Rolled up zucchini noodles make a perfect pinwheel for lasagna, and Italian seasonings pack in the flavor in the chickpea sausage & tofu ricotta.



Pinwheels & sauce

  • 3 medium zucchini, thinly sliced lengthwise using a mandoline
  • 2 ½ cups marinara sauce
  • 2 cloves garlic, minced
  • 3 cups baby spinach

Tofu ricotta

  • 1 15-oz package firm tofu, drained and pressed
  • 2 tbsp nutritional yeast
  • 1 tbsp brewers yeast 
  • 2 tsp dried parsley
  • 1 ½ tsp dried basil
  • 1 tsp dried oregano
  • ¼ tsp salt
  • ¼ tsp black pepper

Italian chickpea sausage crumbles

  • 1 tbsp extra virgin olive oil
  • ½ cup diced onion
  • 2 cloves garlic, minced
  • 1 ½ 15-oz cans low sodium chickpeas, drained and rinsed
  • 2 tbsp green olives, chopped
  • 1 tbsp red wine vinegar
  • 1 tsp tamari
  • 1 tsp dried oregano
  • 1 tsp smoked paprika
  • ½ tsp dried thyme
  • ½ tsp ground sage
  • ¼ tsp cayenne pepper
  • ¼ tsp black pepper

Suggested toppings: fresh basil, cashew Parmesan cheese, red pepper flakes


  1. In a large pan, heat 1 tbsp extra virgin olive oil on medium heat. Add garlic and heat for 30 seconds until fragrant. Add sauce and spinach, stir, and continue to heat on medium in order to reduce the sauce until it thickens, about 10 minutes. Then set aside.
  2. Roll the rinsed chickpeas around in a clean lint-free kitchen towel to dry thoroughly and help remove the skins. You don’t have to remove them all, just the majority. In a large bowl, crumble the chickpeas with a fork or potato masher.
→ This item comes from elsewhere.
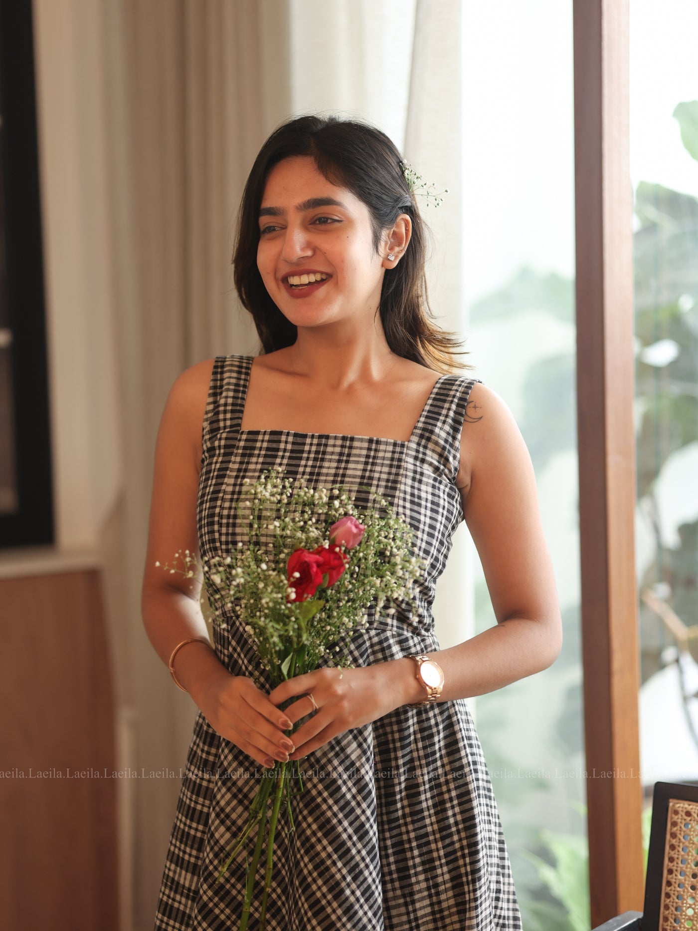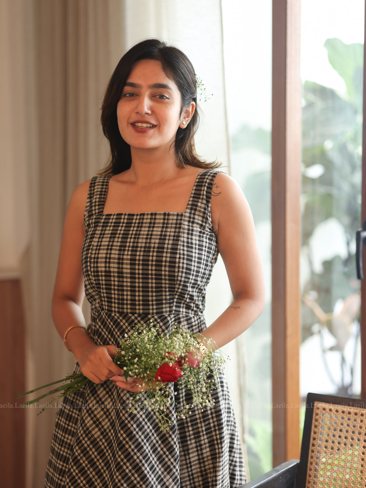 Elevate your wardrobe with this sophisticated black checkered dress, a timeless piece that seamlessly transitions from office to evening. The classic checkered pattern adds visual interest while maintaining an understated elegance, making it versatile enough for professional settings or casual outings. Crafted with attention to detail, this dress offers a flattering silhouette that works for various body types. Perfect for layering with blazers or jackets, it pairs effortlessly with heels, flats, or boots depending on the occasion. An essential investment piece that delivers both style and practicality.

Stir in the olives, tamari, vinegar, and sausage seasonings.
  3. Heat 1 tbsp oil on low heat in a medium pan. Add the diced onion and cook until soft and translucent, about 8 minutes. Add 2 cloves minced garlic and heat for another 30 seconds. 
  4. Add the chickpea mixture to the pan, stir, and increase heat to medium. Cook for another 5 minutes, then remove from heat.
  5. Line a baking sheet with a couple layers of paper towels. Lay the zucchini slices flat on the towels and sprinkle generously with salt. Place one layer of paper towels on top of the salted slices, let rest for 10 mins, then wipe clean to remove excess moisture from the zucchini.
  6. In a large bowl, crumble the tofu with a fork or your fingers until it takes on a ricotta like consistency. Add the yeasts, parsley, basil, oregano, salt, and pepper. Stir to combine, taste, and adjust the seasonings if necessary.
  7. Preheat oven to 350 F. Lightly oil a round casserole dish, pour in marinara, and set aside.
  8. On each slice of zucchini, spread about ½ tbsp each of the ricotta and sausage mixtures. Roll up each zucchini slice into pinwheels. Gently place each one in the marinara casserole dish. 
  9. Bake for 30 minutes and serve warm. Consider topping with fresh basil, cashew Parmesan cheese, and red pepper flakes.